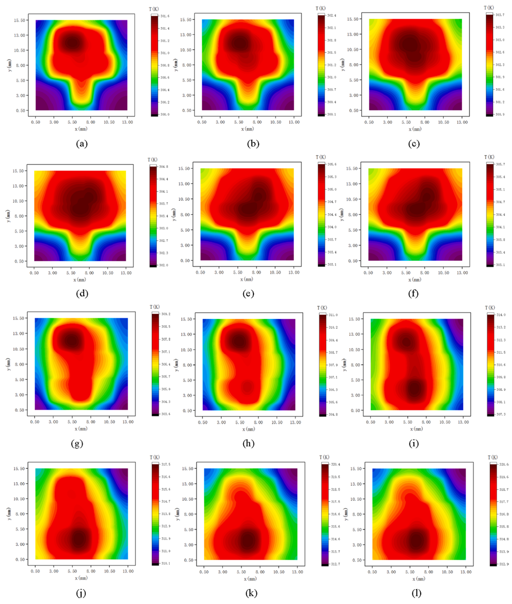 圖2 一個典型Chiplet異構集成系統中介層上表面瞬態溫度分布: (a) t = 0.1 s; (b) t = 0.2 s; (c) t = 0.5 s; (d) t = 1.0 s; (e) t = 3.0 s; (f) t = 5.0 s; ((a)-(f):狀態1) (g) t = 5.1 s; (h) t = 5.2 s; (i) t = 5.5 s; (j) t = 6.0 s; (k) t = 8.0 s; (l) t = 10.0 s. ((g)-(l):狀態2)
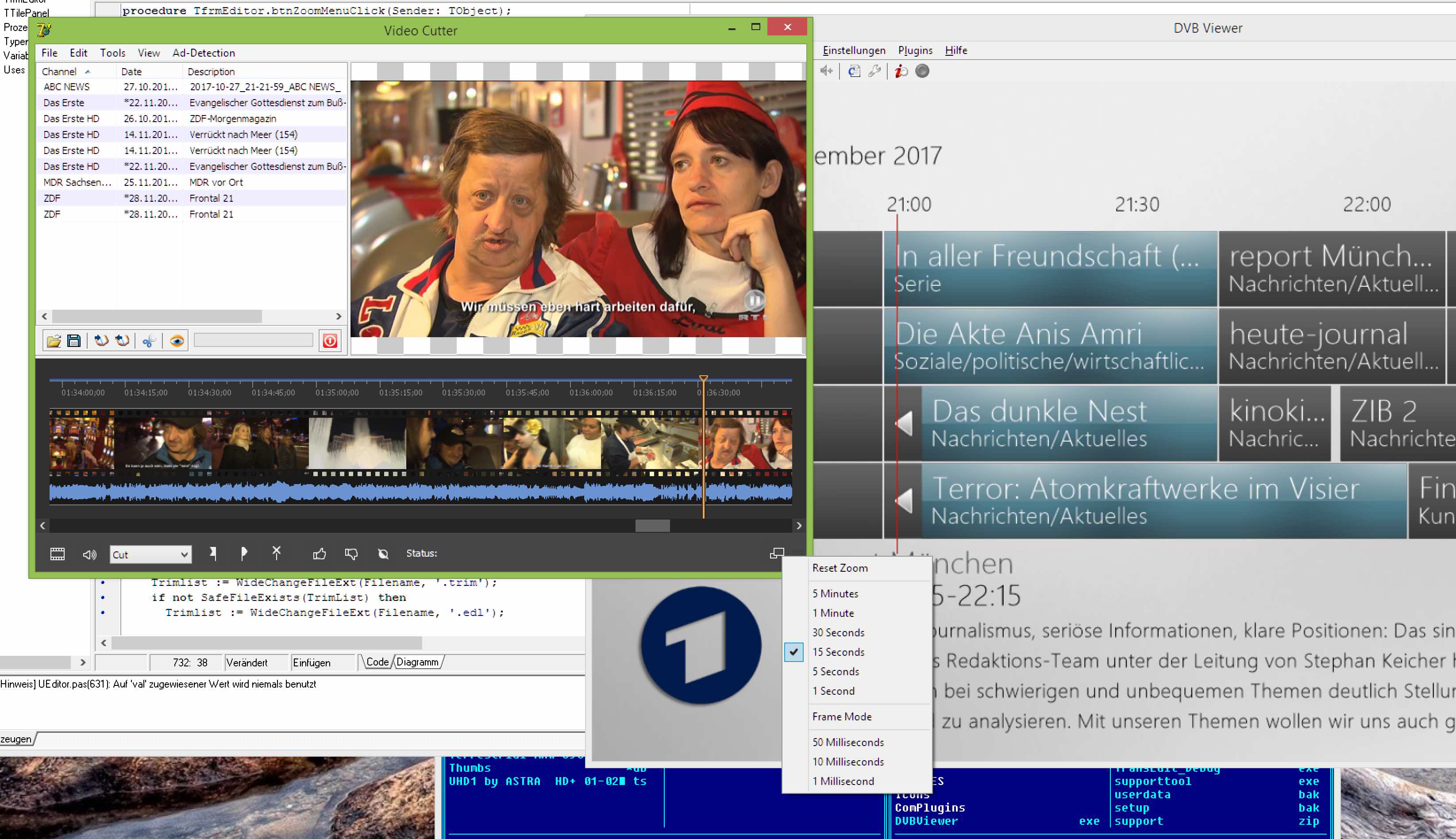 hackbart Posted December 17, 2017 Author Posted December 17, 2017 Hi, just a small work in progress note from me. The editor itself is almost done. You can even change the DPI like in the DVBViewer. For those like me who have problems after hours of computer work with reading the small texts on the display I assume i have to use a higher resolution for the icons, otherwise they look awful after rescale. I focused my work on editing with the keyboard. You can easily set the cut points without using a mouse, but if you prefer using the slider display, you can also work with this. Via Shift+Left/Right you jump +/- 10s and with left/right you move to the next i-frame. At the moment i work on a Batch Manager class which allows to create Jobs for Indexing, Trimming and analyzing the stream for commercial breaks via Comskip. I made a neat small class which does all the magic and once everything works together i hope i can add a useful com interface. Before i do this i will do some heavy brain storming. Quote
...
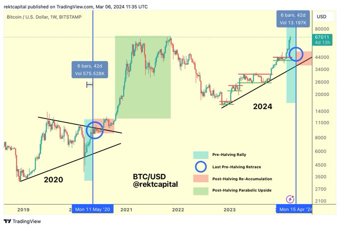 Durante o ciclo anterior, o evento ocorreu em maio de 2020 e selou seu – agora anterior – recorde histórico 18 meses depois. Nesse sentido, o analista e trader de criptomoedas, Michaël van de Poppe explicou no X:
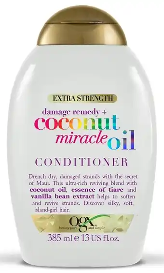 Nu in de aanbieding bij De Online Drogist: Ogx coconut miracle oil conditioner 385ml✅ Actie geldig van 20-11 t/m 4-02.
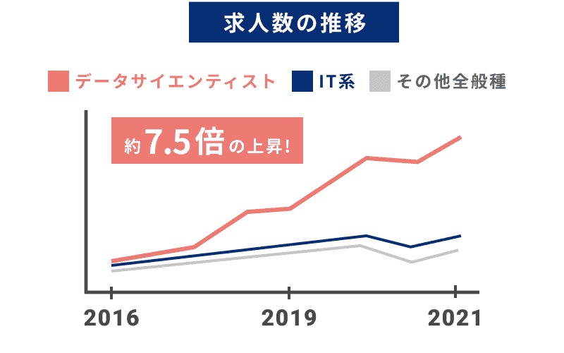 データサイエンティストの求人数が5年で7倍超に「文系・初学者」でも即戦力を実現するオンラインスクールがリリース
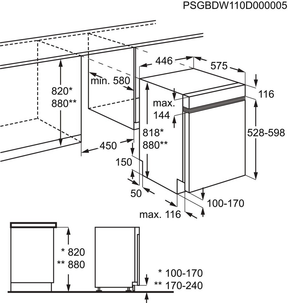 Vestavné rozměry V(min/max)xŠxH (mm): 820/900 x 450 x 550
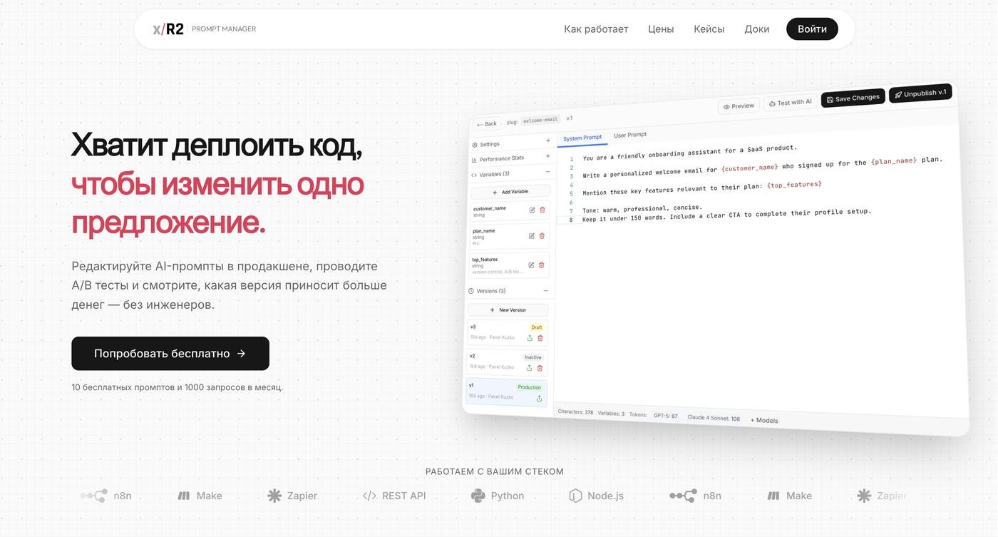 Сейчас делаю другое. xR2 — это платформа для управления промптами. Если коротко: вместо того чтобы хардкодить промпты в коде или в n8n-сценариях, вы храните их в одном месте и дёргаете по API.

* [What you are asked to do]: From the records above, return exactly the lines running from the one that contains "圖2 一個典型Chiplet異構集成系統中介層上表面瞬態溫度分布: (a)" down to the one that contains "hackbart Posted December", both included, without any pictures.

* [Response area]:
 圖2 一個典型Chiplet異構集成系統中介層上表面瞬態溫度分布: (a) t = 0.1 s; (b) t = 0.2 s; (c) t = 0.5 s; (d) t = 1.0 s; (e) t = 3.0 s; (f) t = 5.0 s; ((a)-(f):狀態1) (g) t = 5.1 s; (h) t = 5.2 s; (i) t = 5.5 s; (j) t = 6.0 s; (k) t = 8.0 s; (l) t = 10.0 s. ((g)-(l):狀態2)
 hackbart Posted December 17, 2017 Author Posted December 17, 2017 Hi, just a small work in progress note from me. The editor itself is almost done. You can even change the DPI like in the DVBViewer. For those like me who have problems after hours of computer work with reading the small texts on the display I assume i have to use a higher resolution for the icons, otherwise they look awful after rescale. I focused my work on editing with the keyboard. You can easily set the cut points without using a mouse, but if you prefer using the slider display, you can also work with this. Via Shift+Left/Right you jump +/- 10s and with left/right you move to the next i-frame. At the moment i work on a Batch Manager class which allows to create Jobs for Indexing, Trimming and analyzing the stream for commercial breaks via Comskip. I made a neat small class which does all the magic and once everything works together i hope i can add a useful com interface. Before i do this i will do some heavy brain storming. Quote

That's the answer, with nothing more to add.